Godagari Upazila is bounded by  Chapai Nawabganj Sadar Upazila of Chapai Nawabganj district and Tanore Upazila on the north, Tanore and Paba Upazilas on the east, Lalgola, Bhagawangola I and Bhagawangola II CD Blocks, in Murshidabad district, West Bengal, India, all across the Ganges/ Padma, on the south, and Chapai Nawabganj Sadar Upazila on the west.

Demographics
According to 2011 Bangladesh census, Godagari had a population of 330,924. Males constituted 50.24% of the population and females 49.76%. Muslims formed 87.78% of the population, Hindus 7.14%, Christians 3.41% and others 1.68%. Godagari had a literacy rate of 46.34% for the population 7 years and above.

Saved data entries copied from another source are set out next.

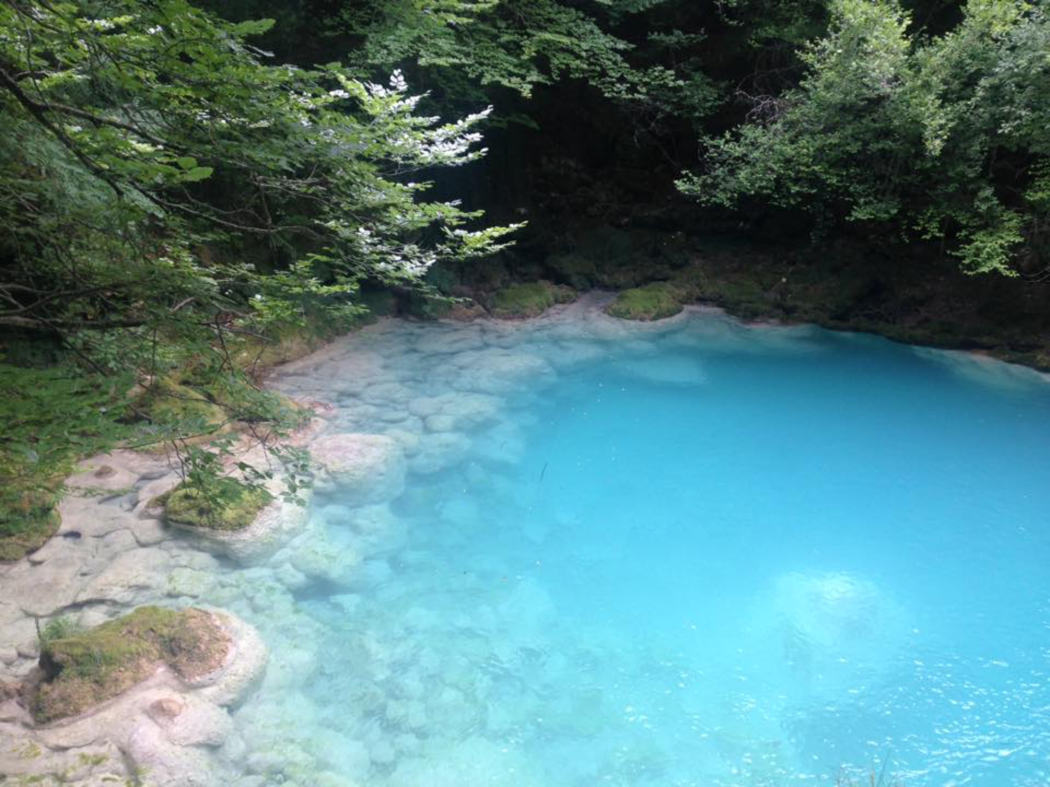 After all the excitement early morning with the bull run, we didn’t fancy getting drunk all day (we are pushing 30) so we headed to Nacedero de Urederra a beautiful national park with a gorgeous turquoise lake hidden in the forest. I was aware of this place due to this fantastic travel blog ‘Young Adventuress.’ The part of the park we visited seems to make up a bigger national park called Parque Natural Urbasa Y Andía which seems fantastic if you have more time or are a keen walker. We parked in the town Baquedano (photos above) we simply put the town name into our sat nav that we brought from home and it took us straight there! The link to Navarra’s tourist website allows you to book yourself into the park, there’s a quota per day of how many visitors are allowed. However I asked the hotel to book it for me as the booking form was all in Spanish! Also for me the parking attendant never checked but I guess it’s best to do it if you can. There’s a car park and as the place seems to be a bit more popular, this sleepy Spanish town seem to be reaping the benefits as the charge is €3 for parking which doesn’t seem too unreasonable.
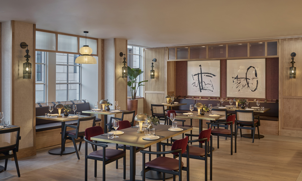 With rattan-backed chairs, folding screens and foliage galore, this light and airy space is a world away from the bustling London streets that lie just outside. Lantern-style lamps adorn the walls alongside calligraphy art pieces, while chime music plays faintly in the background, creating a warm and welcoming ambience.
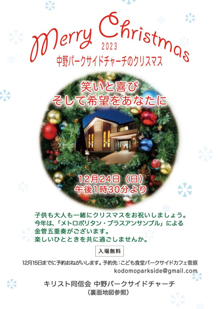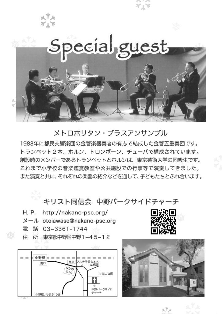 今年のクリスマス集会は、12月24日午後1時半から行われます。 今年は、「メトロポリタン・ブラスアンサンブル」による金管五重奏をお送りします。 老若男女を問わず、どなたでもご来場下さい。
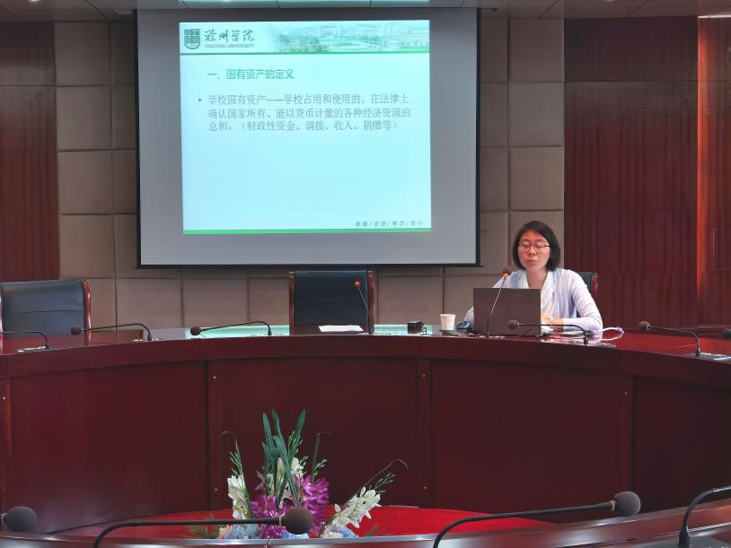 会上,滁州学院后勤管理与基建处副处长何霞就资产管理目标、相关上级文件、资产定义和表现形式、资产管理等内容做了专题报告。提出维护国有资产的安全和完整、提高使用效益、确保科学配置、高效使用的资产管理目标;资产管理要做到统一领导,归口管理,分级负责,责任到人。
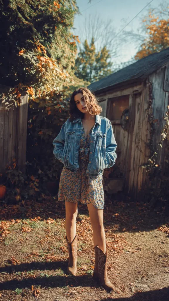 A floral dress with a denim jacket makes a simple, feminine outfit for casual Thanksgiving activities. It’s comfortable and always dependable for outdoor or relaxed settings.

As of the 1991 Bangladesh census, Godagari has a population of 217811. Males constitute 50.88% of the population, and females 49.12%. This Upazila's eighteen up population is 108869. Godagari has an average literacy rate of 27.6% (7+ years), and the national average of 32.4% literate.

History
The Deopara Prashasti, an important inscription in Sanskrit poetry describing the Sena dynasty of ancient Bengal, was discovered near the village of Deopara.

Points of interest
Padumsa Dighi (pond) of Raja Bijoy Sen at village Deopara (eleventh century), tomb of Shah Sultan at Sultanganj (fourteenth century), tomb of Ali Kuli Beg at Kumarpur,

Marks of War of Liberation Memorial monument 1 (Sheikherpara).

Administration
Godagari thana was established in 1865 and was turned into an upazila in 1984.

Godagari Upazila is divided into Godagari Municipality, Kakanhat Municipality, and nine union parishads: Basudebpur, Char Ashariadaha, Deopara, Godagari, Gogram, Matikata, Mohanpur, Pakri, and Rishikul. The union parishads are subdivided into 389 mauzas and 398 villages.

Education

According to Banglapedia, Godagari School & College, founded in 1905, is a notable secondary school.